Options

CET/CEST Datetime Format

MontseMontse Member Posts: 19 Maven
edited December 2018 in Help

Hello,

 

I have a problem with date_time attribute with format yyyy-MM-dd HH:mm:ss

I can import this column from a CSV file as date_time type. No problem.

For example: 2011-03-26 23:00:00     it looks like       Mar 26, 2011 11:00:00 PM CET

using to format:

  • date type: date_time
  • date format: yyyy-MM-dd HH:mm:ss
  • time zone: Europe/Madrid
  • locale: Spanish

But, when I look into all the values I have found one problem when time changes from CET to CEST.

                                                                                datetime (nominal type)                datetime_format (date_time type)

RM.PNG

On March 27th, the time changed from CET to CEST and then two 3 AM hours are repeated!

 

Then, for this row I can't do a function to return the hour because it's wrong - Using Generate Attribute operator with date_get(datetime_format,DATE_UNIT_HOUR) -

 

To get the correct hour I have used datetime (as a nominal type) and using a function to obtain the hour - Using Generate Attribute operator with cut(datetime,11,2).

Any other suggestion to solve this?

 

There is no problem changing from CEST to CET   

RM_2.PNG

 

 

All the best,

Montse

 

 

Best Answer

  • Options
    Telcontar120Telcontar120 Moderator, RapidMiner Certified Analyst, RapidMiner Certified Expert, Member Posts: 1,635 Unicorn
    Solution Accepted

    This whole thread is just a reminder to me why I hate time zone changes!  Things would be much easier if we would all pick a time offset from UTC and stick with it.

    Montse, in the original date series, there is an entry for 2am and 3am on the day that the clocks switch.

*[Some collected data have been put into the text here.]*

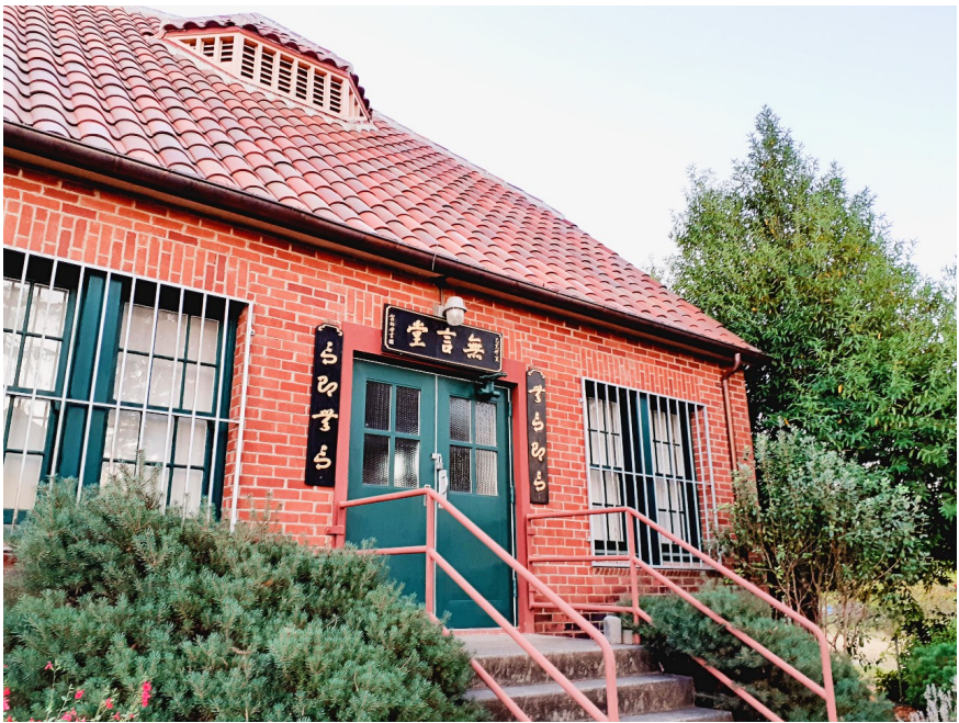
Front view of Wordless Hall, City of Ten Thousand Buddhas.

tamsaka Sutra , as well as the Hundred Dharmas Shastra , and Sbastra on the Awakening of Faith , and the Shramanera Vinaya .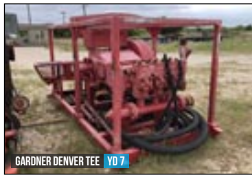
GARDNER DENVER TEE YD 7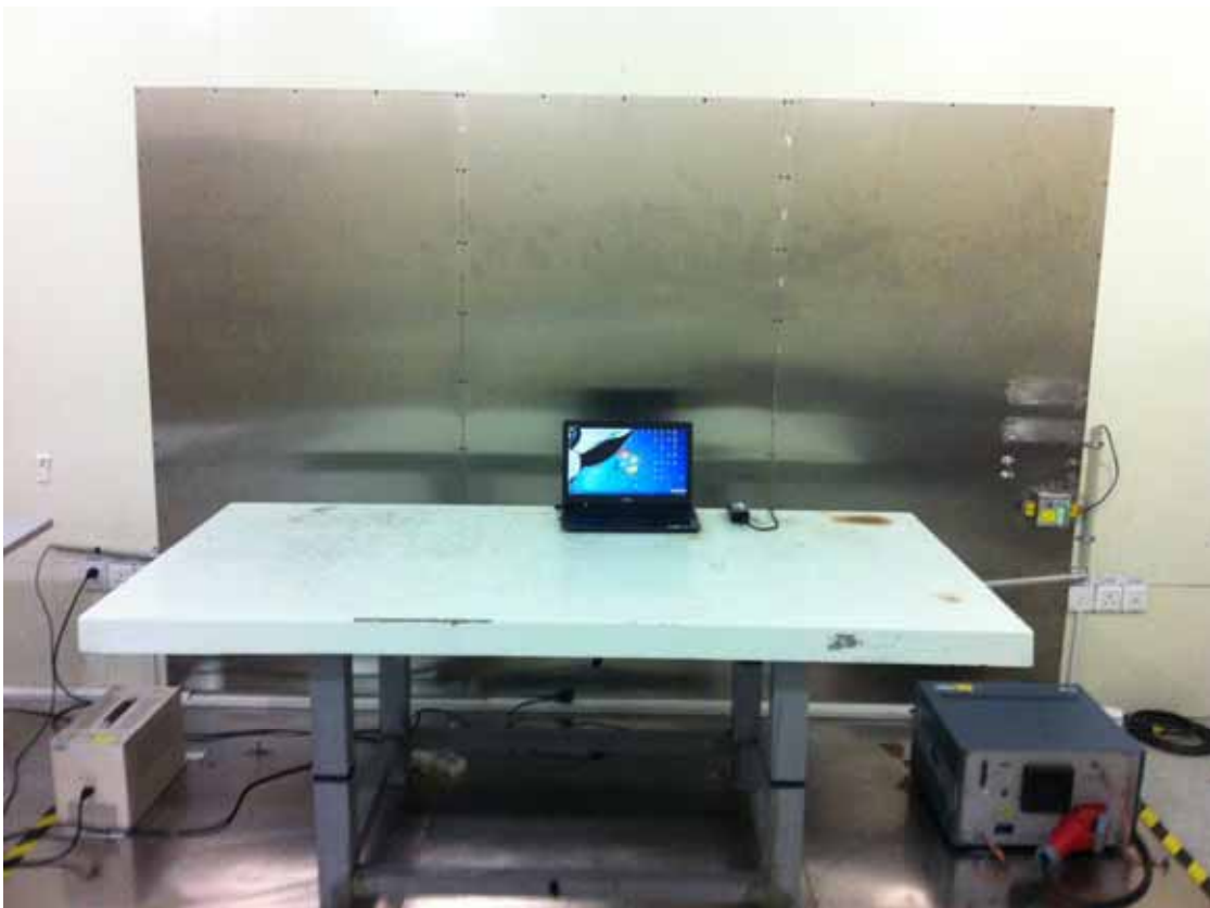
Front View of Conducted Disturbance Measurement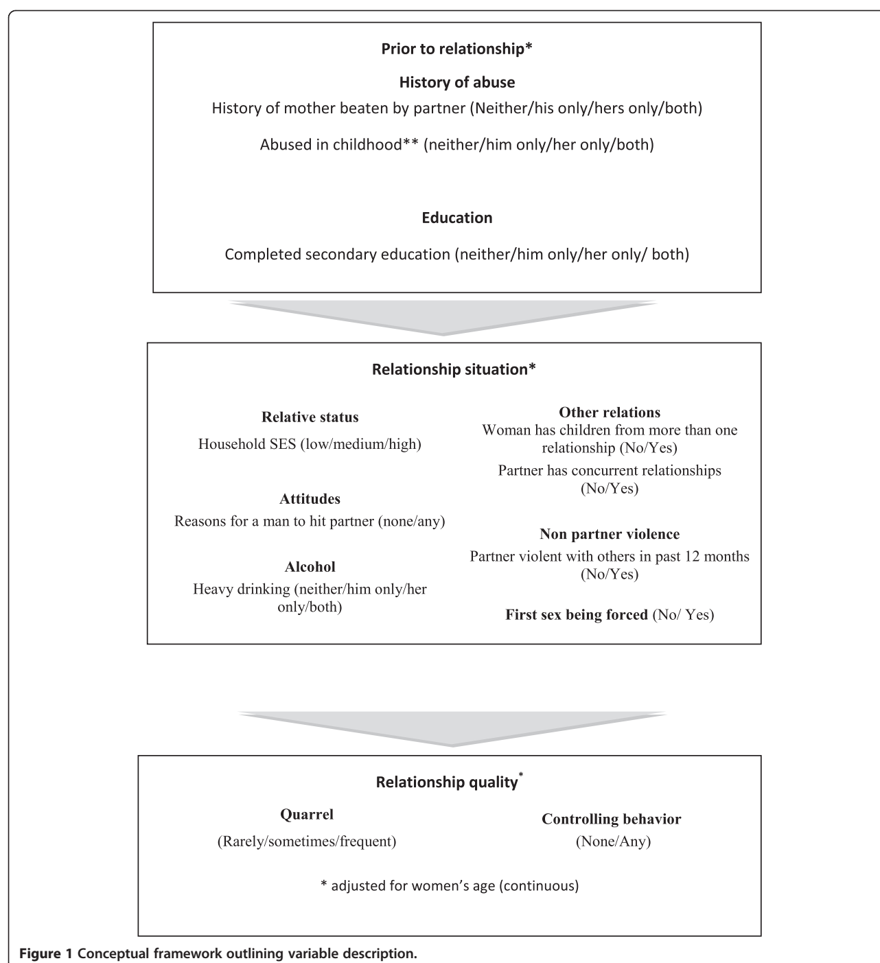
Figure 1 Conceptual framework outlining variable description.

their current relationship and factors indicative of the overall relationship quality. Variables that were included in the analysis that occurred prior to the relationship include whether the woman's or her partner's mother was beaten or both, whether the partner was physically and the woman sexually abused during childhood or both and whether the woman and her partners have a secondary education or both. Variables investigated at the current relationship level include the woman's household status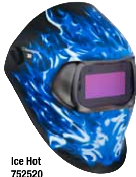
Ice Hot 752520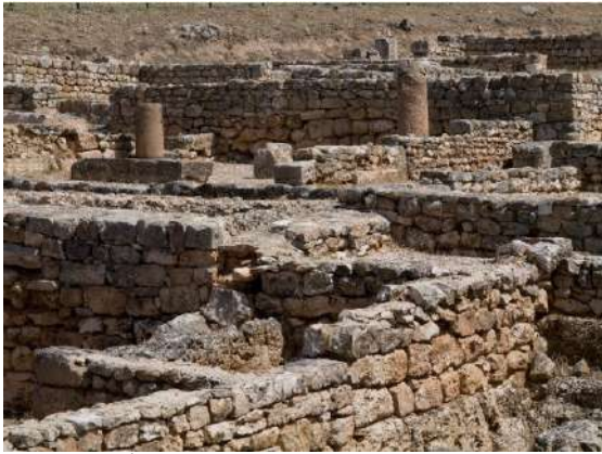
Uxama. Burgo de Osma, Soria

Near Ucero is the Park Interpretation Centre and, a few kilometres further on, you reach the hermitage of San Bartolomé, an emblematic place in the canyon from where the exceptional natural and geological values of the area are enhanced by the magical and exoteric content that the hermitage provides to the surroundings. From here you can appreciate the full extent of the greatness of this canyon of karstic origin. Its vertical limestone walls, nearly 200 metres high, have been modelled by erosive phenomena, giving rise to beautiful and capricious forms of relief. The archaeological remains of the Celtiberian-Roman city of Uxama correspond to the Roman city which, throughout the 1st century, reached an important level of development. At that time, the city was provided with an urban structure and important public buildings. At the end of the Empire, the city was walled in and its perimeter covered 28 hectares. The Castro hill stands out for its Islamic watchtower, a lookout tower, now conditioned as a viewpoint. It is the basic point from which to contemplate not only the ancient city, but also the surrounding landscape.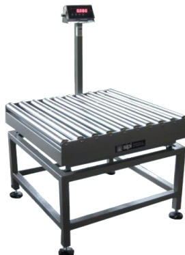
Bilancia con rulliera Scale with roller conveyor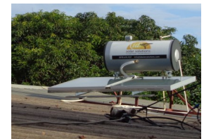
Our new solar water heater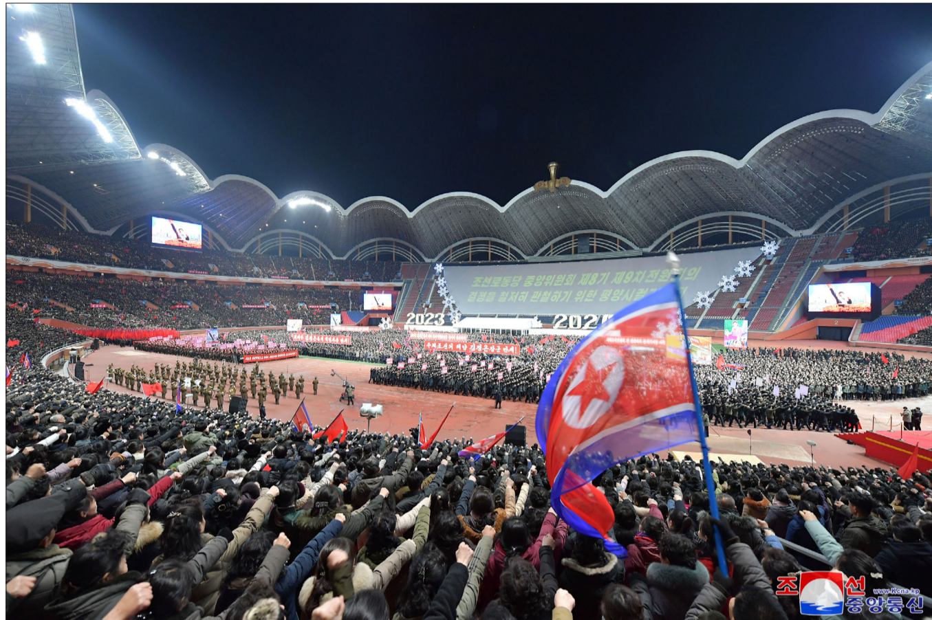
A meeting of Pyongyang citizens takes place at May Day Stadium in Pyongyang on January 5 to pledge themselves to thoroughly implement the decisions of the Ninth Plenary Meeting of the Eighth Central Committee of the Workers' Party of Korea.

Referring to the fact that the Korean people demonstrated the national strength and prestige of the powerful and dignified Juche Korea and made tangible progress and a leap forward under the leadership of the great Party Central Committee last year, he said all the successes they made provide clear evidence to the validity and vitality of the fighting programme of the Eighth Congress of the WPK which called for achieving a great new victory by remarkably strengthening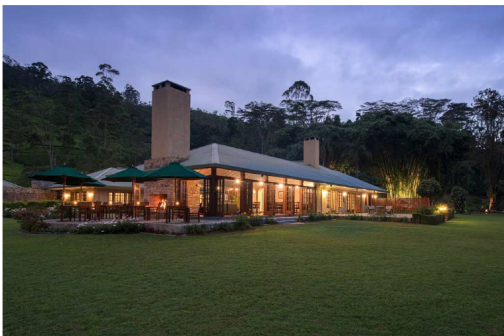
Each of the Ceylon Tea Trails bungalows comes with a house manager, chef, butler, and houseboys.

Also worth a day trip is the sacred Adam's peak, a mountain three hours away from the hotel that is scaled each year by thousands of devotees from several religions. Many travel here to catch a glimpse of the shadow of the peak, cast by the sun on the misty clouds below just after dawn. On a clear day, Colombo, which is 65 kilometres away, can be seen.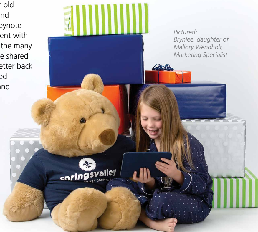
Pictured: Brynlee, daughter of Mallory Wendholt, Marketing Specialist

family unit is under attack, not always due to egregious neglect, but often simply due to our failure to be present!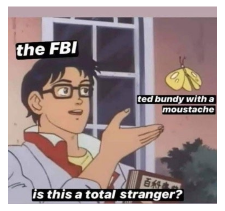
Figure 8. "Is this a total stranger?"

much like the sort of roleplay fans engage in for fictional murderers, mixing properties of the self with properties of the character one is performing. The practice was nowhere near as common on Tumblr as on TikTok (see below). I would describe these practices as simple "identity roleplay," the assumption of a media-created mask for a form of online play that combines known characteristics of the killer with the fan's own personality (cf. Booth 2016, 116). In this way, the roleplay is a key example of Phillips and Milner's ambivalence, tied to a (terrible) reality, one within living memory for some people alive today, yet self-consciously "not real," as the references to one's "dash[board]" illustrate. The real killers would not be making reference to the affordance of their Tumblr account. Besides which, most of them are dead.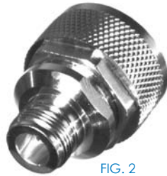
FIG. 2 RFD-1671-2 (shown at 75% size)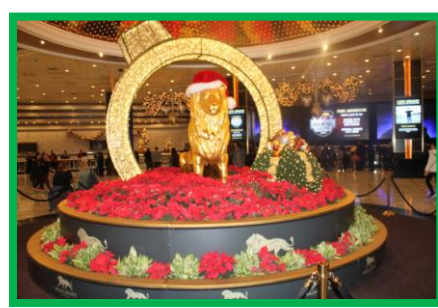
MGM Grand Holiday Lion

Advanced Lions Leadership Institutes focus on building the skills of Lions leaders to prepare them for leadership responsibilities at zone, region and district levels.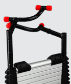
Top Support 9160-301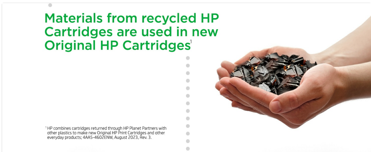
Image: Hands holding small pieces of recycled plastic, illustrating HP's commitment to using recycled materials in new cartridges.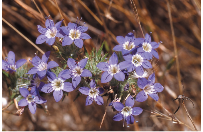
Above: Sticky navarretia ( Navarretia viscidula )

The most likely place to discover this small but beautiful wildflower is in the area of Lagunitas Meadows, on the MMWD Sky Oaks property, near Fairfax. Other places where it has been seen are the top of Big Rock Ridge and at Indian Valley, Novato, near the sports field.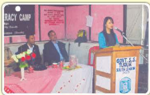
Govt. Sec. School, Turuk, South Sikkim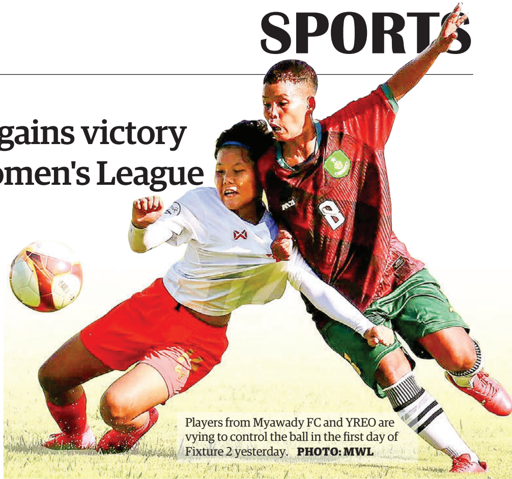
Players from Myawady FC and YREO are vying to control the ball in the first day of Fixture 2 yesterday.

Phyu Phyu Win shot two goals, and Yupa Khaing three goals for Myawady FC.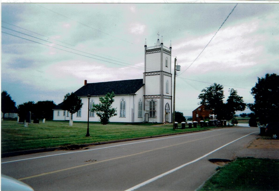
St. Augustine RC Church Rustico, Built 1834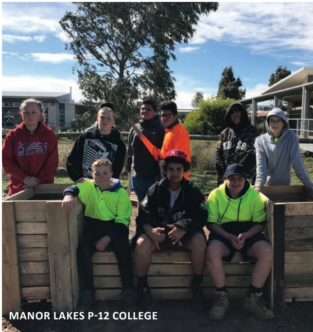
MANOR LAKES P-12 COLLEGE

How good is it to see students building significant, highly visible projects on school grounds, developing their own (and others) pride in the school, as well as pride in themselves? HoL becomes a hook that keeps these students connected to school by catering to the different way they learn, and supporting them to fully participate in school life.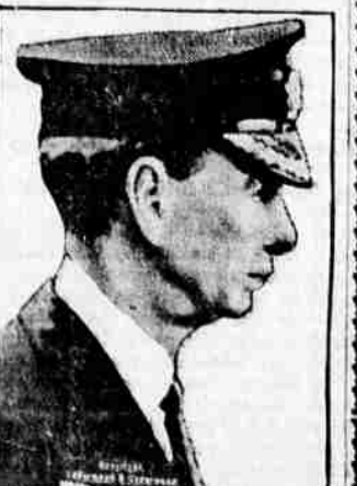
Vice Admiral Sir Roger John Brownlow Keys, who planned the naval raids on Ostend and Zeebrugge.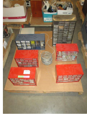
LOT 161 _____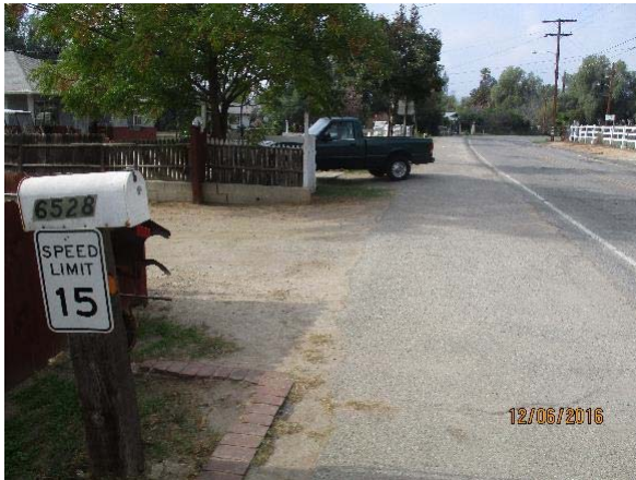
REPLACEMENT OF POLES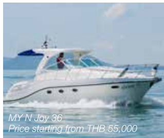
MY N Joy 36 Price starting from THB 55,000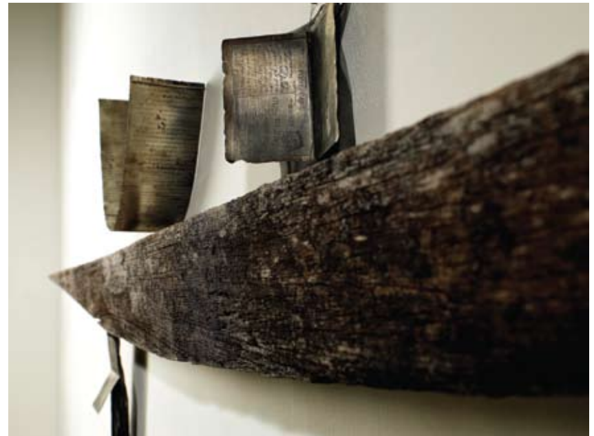
Precious Cargo (detail) etched silver, woven copper scrim, silver wire, wood 200 x 12 x 8 cm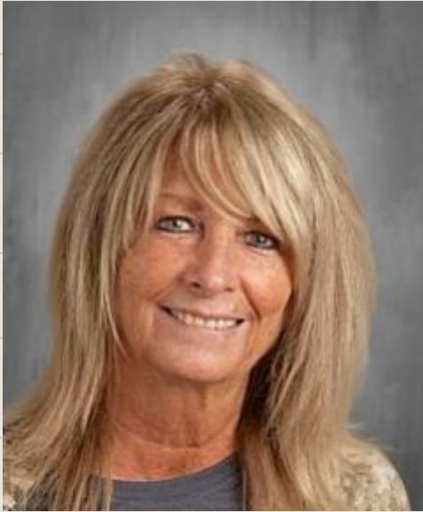
School Office Supervisor

As Scott pointed out, there is no 2am that day, so is every entry after that really off by one hour (e.g., did the mechanism that captured the time interval not realize that on that particular day because of the time switch there would be only 23 hourly intervals and not 24)?  

    Brian T.
    Lindon Ventures 
    Data Science Consulting from Certified RapidMiner Experts

Answers

  • Options
    sgenzersgenzer Administrator, Moderator, Employee, RapidMiner Certified Analyst, Community Manager, Member, University Professor, PM Moderator Posts: 2,959 Community Manager

    hello @Montse - ok that is a super-interesting question (at least to me).

     

    So I think RapidMiner is 100% correct. There is no such thing as 02:00 on March 27, 2011. It literally does not exist. After 01:59:59 the clocks immediately flip to 03:00:00 :

     

    01:59:58

    01:59:59

    03:00:00

    03:00:01

    etc...


    So if you ask RapidMiner to give you 02:00 CEST and 03:00 CEST, they MUST be the same. It is the same time of day. :)

     

    As for how to cope with this in your file, if it were me I would remove duplicates as the data in 629 and 630 must be the same.

     

    ooh great question!

     

    Scott

     

  • Options
    MartinLiebigMartinLiebig Administrator, Moderator, Employee, RapidMiner Certified Analyst, RapidMiner Certified Expert, University Professor Posts: 3,507 RM Data Scientist

    Hi,

    just as a reminder: Dates in RM are always stored as ms since 1970. Whatever is shown in the ExampleSet for date_time attributes is only a visualization layer on it.

     

    It gets tricky if you convert back and forth to nominal though.

     

    BR,

    martin

    - Sr. Director Data Solutions, Altair RapidMiner -
    Dortmund, Germany
  • Options
    MontseMontse Member Posts: 19 Maven

    Hi @sgenzer and @mschmitz,

     

    Thank you for your help.

    The file has not duplicate datetimes columns, as you can see from the attached file.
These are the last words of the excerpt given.